As I said .... go and see a migration agent. Your case is complex because 1/ you have already been rejected and 2/you don't see each other much.

We have 4 good migration agents on this forum: MarkNortham, CCMS, WRussell & JeremyHooper.

IMO 4 weeks is not enough but maybe you have other evidence that we don't know of? Maybe you are both Muslim and had to get married to live stay together? Migration agents on this forum recommend 3 months living together before applying.

When you apply for the 309 again your application will be looked at more closely because of the rejection and alot of questions will be asked.

Who was your original case officer at the embassy?

You can try a family sponsored tourist visa and see how you go because it has a bond that may be payable but the standard tourist visa from Egypt there is a very slim chance you would get one of them.

My husband (then fiancé) applied for a tourist visa while waiting for a PMV from Egypt and it was rejected and one of the reasons was that he had stronger ties to Australia than Egypt (because of me), others were civil unrest, economic difference between Egypt and Australia and not enough money (he had over $8,000 from memory).


----------



## brahimoo

thanks so much for relpy and thankfull of this ; i just want say how much i need per month in my account to apply for visitor visa


----------



## brahimoo

thanks so much for relpy and thankfull of this ; i just want say how much i need per month in my account to apply for visitor visa


----------



## brahimoo

can you answer Mr Mish


----------



## JandE

brahimoo said:


> i just want say how much i need per month in my account to apply for visitor visa


Some people have no money in their own account, and get a Visa, others have lots and get rejected. I know of one who had $10,000 + and still got rejected for a 3 month visa.

No one can answer accurately.


----------



## brahimoo

because i have my wife there do i have good chance to get visitor visa../??


----------



## JandE

brahimoo said:


> because i have my wife there do i have good chance to get visitor visa../??


It is no guarantee.

A fair number in that situation do get rejected, for various reasons.

An Immigration Officer will look at your application, and your history and THEY will make a decision based on all the information that they have.

Migration Agents have more experience with more complex situations, and may be your best bet. Even I would consider using one if I was in your situation.


----------



## brahimoo

when i will send my original document for the embassy ; they will ruturn me back my my original documents when the decision is deceided .?
thats my first question .
my second questions is : is my visa grant i can travel on with this free paper.? or i have to stamp visa in my passport ..?


----------



## Mish

If you apply at Cairo (which I do not recommend) they will ask for the originals if they need them. If you apply in Australia for the family sponsored visa then a colour scan of the birth certificate is fine and they usually don't ask for them.

Australia is label free so you just get emailed the decision and that is it. Nothing goes in your passport.


----------



## brahimoo

you adviced me to apply for family sponsored visa so there is a big chance that they can give me visa than i send visitor visa to egypt? 
so sponsored family is more good chance ?


----------



## Mish

brahimoo said:


> you adviced me to apply for family sponsored visa so there is a big chance that they can give me visa than i send visitor visa to egypt?
> so sponsored family is more good chance ?

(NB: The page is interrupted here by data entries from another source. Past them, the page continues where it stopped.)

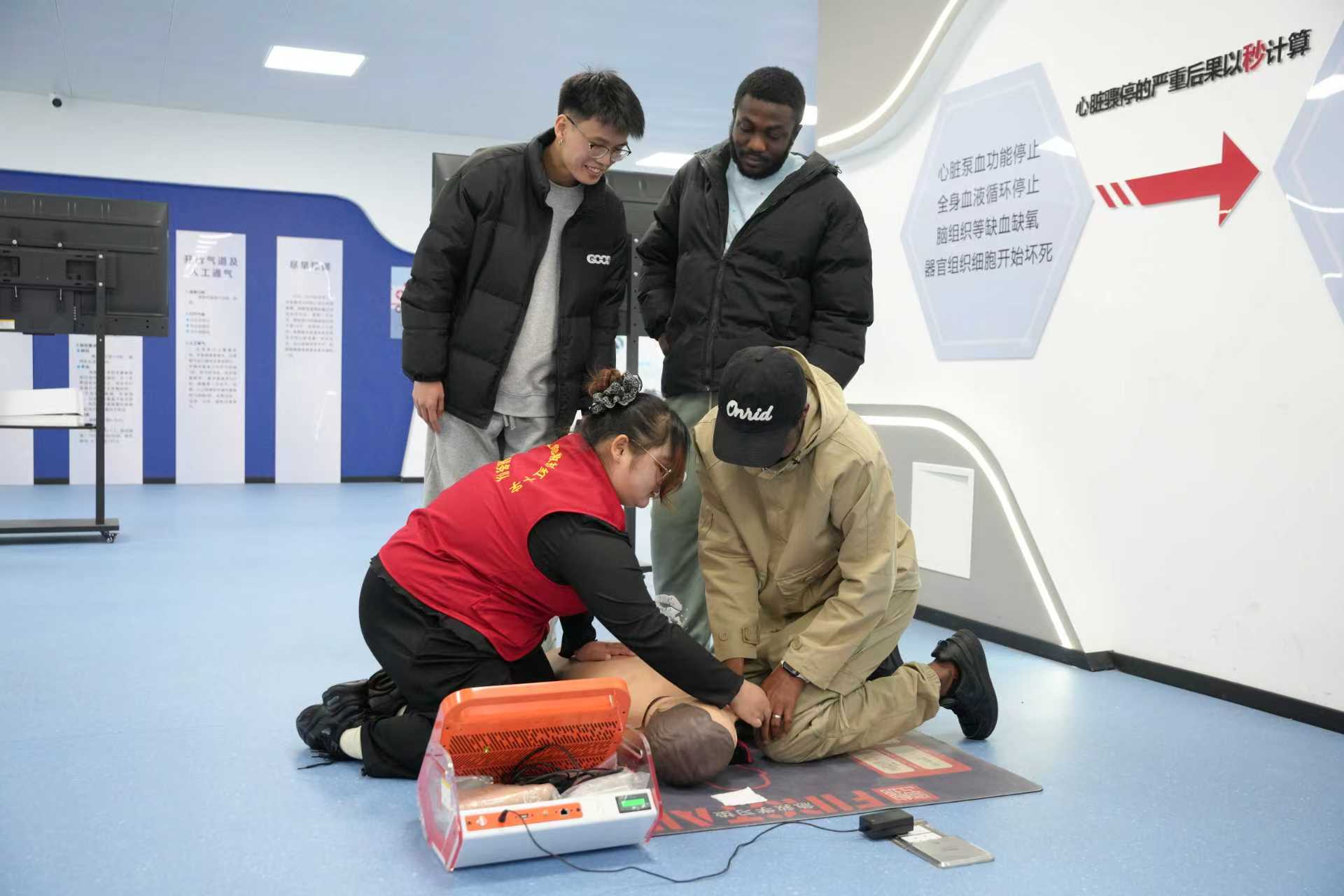 1月13日下午,益阳医学高等专科学校联合湖南城市学院开展留学生急救教育交流活动,9名来自马来西亚、肯尼亚等国家的留学生走进益阳医专急救培训基地解锁应急救护技能。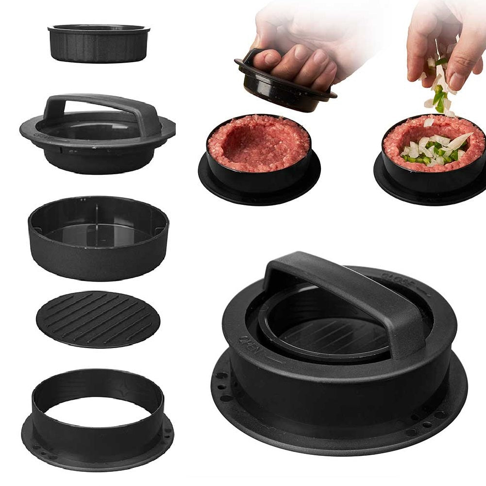 Pressa Hamburger 5 pezzi Plastica Antiaderente per Burger Ripieni e Classici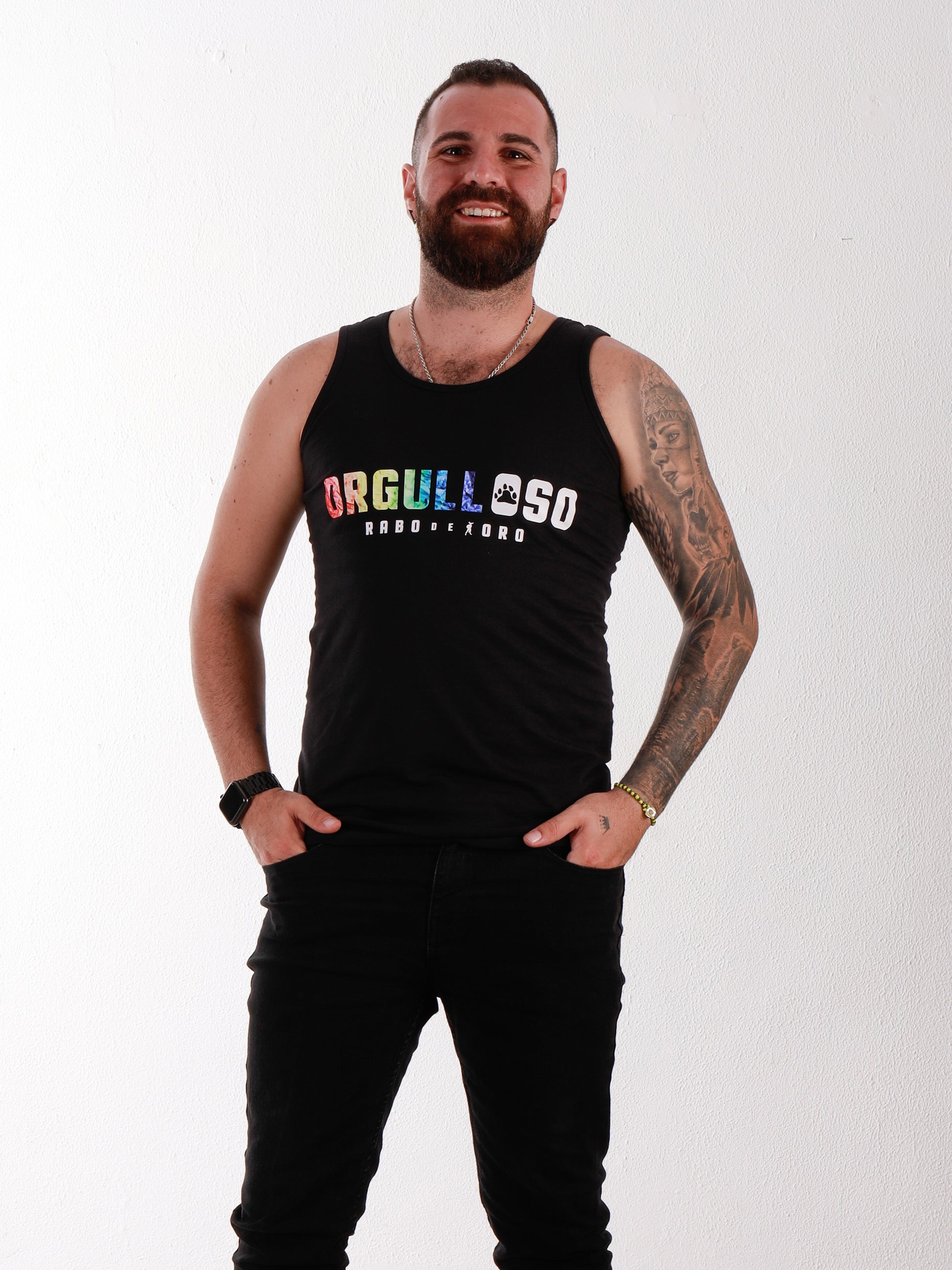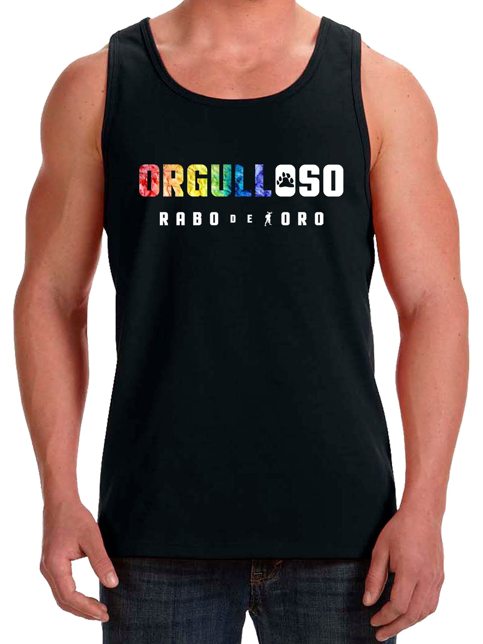 Vorne in der Mitte steht ORGULLOSO in fetten ROTEN Buchstaben mit OSO in kontrastierenden WEISSEN Buchstaben und einem schwarzen BÄRENTATZEN-Symbol auf dem ersten O. ORGULLOSO ist ein weiteres Tanktop-Modell, das wir für die spanische und lateinamerikanische Gay-Bear-Community erstellt haben!

Not a big chance - a better chance than if you applied for a standard tourist visa.

The problem is you have had 2 x 309 rejects (Egypt embassy and MRT). That may make it harder.


----------



## brahimoo

so what a solutions ? is they reject 309 2 times and its hard to get tourist visa . i will live like this forever with my wife in diferent continents?


----------



## Mish

Try and apply and see how you go. If you get rejected you need to come up with a solution.

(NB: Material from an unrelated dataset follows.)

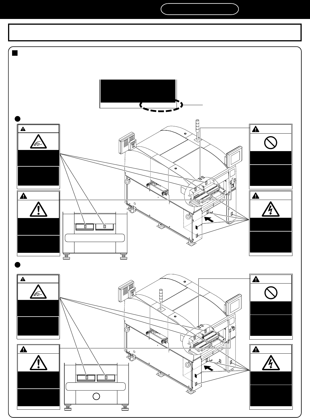 The following warning labels are pasted on this machine. Follow the instructions on each label. If a label has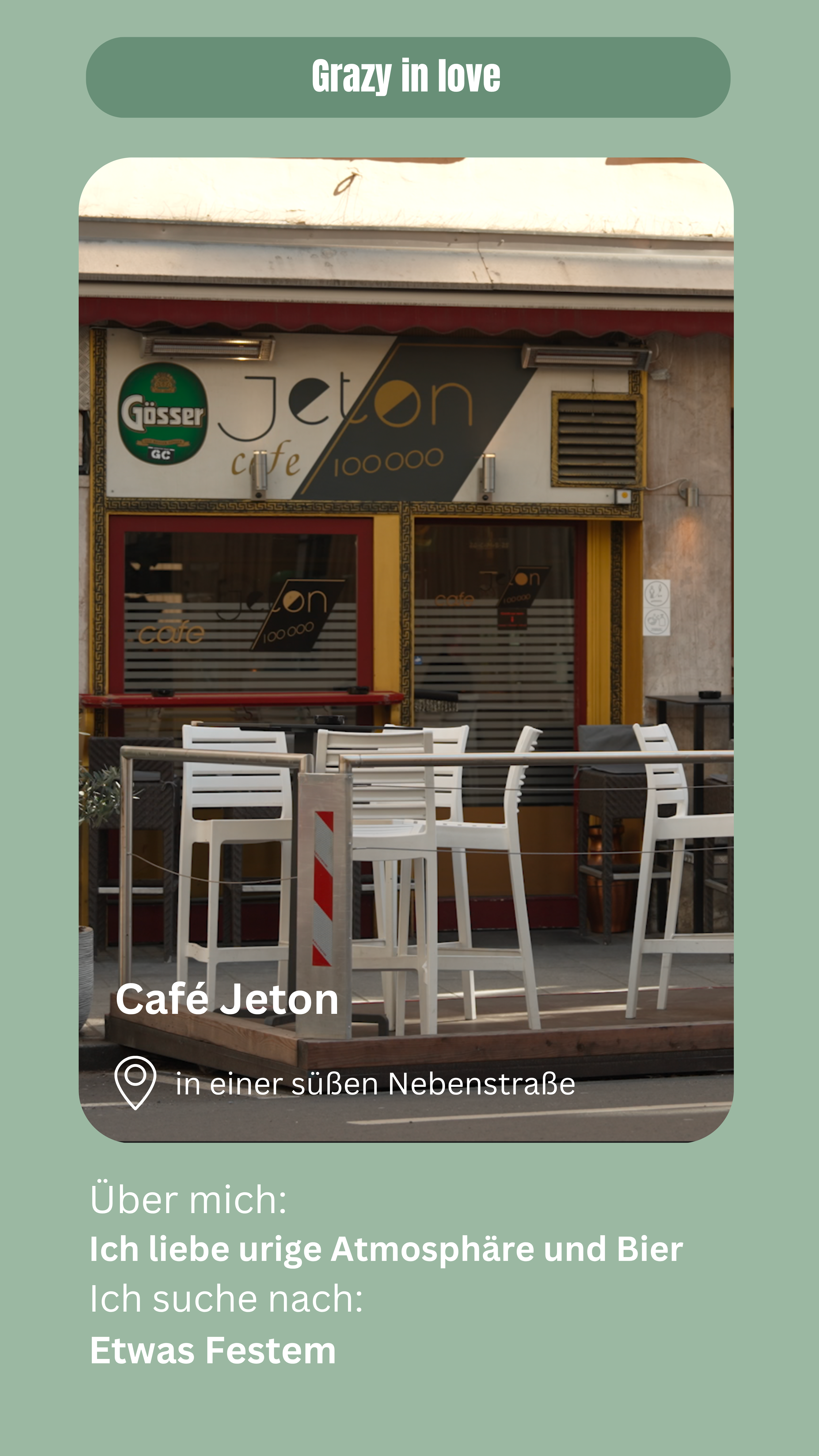 Die alte Tür knarzt leise, als ich sie öffne. Tageslicht fällt in den Raum und mischt sich mit dem Nachklang der letzten Nacht – ein Hauch Kneipenstimmung liegt noch in der Luft. Das Café Jeton ist klein genug, um seinen Charme zu bewahren, aber groß genug, um sich darin verlieren zu können.

As has been mentioned before - get help from a registered migration agent. Your wife can come and visit and spend more time together. Maybe the evidence you provided was not presented well enough and an agent can present it better.


----------



## brahimoo

if in grant a 3 month visa holiday it help me to to get subclass 309.?


----------



## JandE

brahimoo said:


> so what a solutions ? is they reject 309 2 times and its hard to get tourist visa . i will live like this forever with my wife in diferent continents?


It is possible, if you can't get an application done in exactly the right way.

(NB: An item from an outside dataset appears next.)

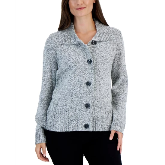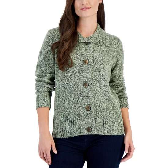Top off your look in cozy perfection with this thick-knit button-up cardigan from Karen Scott.

You really do need the help of a Migration Agent with this one.

Anyone can tell you what you want to hear, but no one can really give the information you NEED, with the confidence of having done it before, as a good Migration Agent can.


----------



## brahimoo

ok i can ask for immigration can you advice me by anyone ? and how much cost for me 309?


----------



## Mish

3 month holiday will help but it all comes down to the evidence you supply. None of us know what you have and your circumstances etc which is why we are recommending an agent especially since you have had the 309 previously rejected. This means it will be looked at more closely this time.

I would recommend any of the agents that post on this forum which are MarkNortham, CCMS, WRussell & JeremyHooper.

The cost of the 309 is $6,895 (I think). The migration agents give you a list of their fees before you sign up but I would be guessing at $3,000-$4,000.


----------



## JandE

brahimoo said:


> ok i can ask for immigration can you advice me by anyone ? and how much cost for me 309?


Links for the Registered Migration Agents on this forum:

MarkNortham - Registered Migration Agent - Number 1175508
Jeremy Hooper - Registered Migration Agent - Number 0107902
wrussell - Registered Migration Agent - Number 0316072
CCMS - Registered Migration Agent - Number 0640648


----------



## Nytshade77

Hi Guys,

I applied e600 from Philippines on 13th of Nov, I take it I wont be in AU on Christmas. What is the processing time now as it has been nearly 6 weeks? Any recent grants?


----------



## aussiesteve

Nytshade77 said:


> Hi Guys,
> 
> I applied e600 from Philippines on 13th of Nov, I take it I wont be in AU on Christmas. What is the processing time now as it has been nearly 6 weeks? Any recent grants?


They were taking 4 weeks.
I would enquire why there was a delay. What is the application status on your immi account?
Also have you checked your junk mail!


----------



## Nytshade77

It just arrive a minute ago. Im so thankful!!!


----------



## aussiesteve

Nytshade77 said:


> It just arrive a minute ago. Im so thankful!!!


Great news


----------



## Supernova1982

Hello! This is my first message on this forum.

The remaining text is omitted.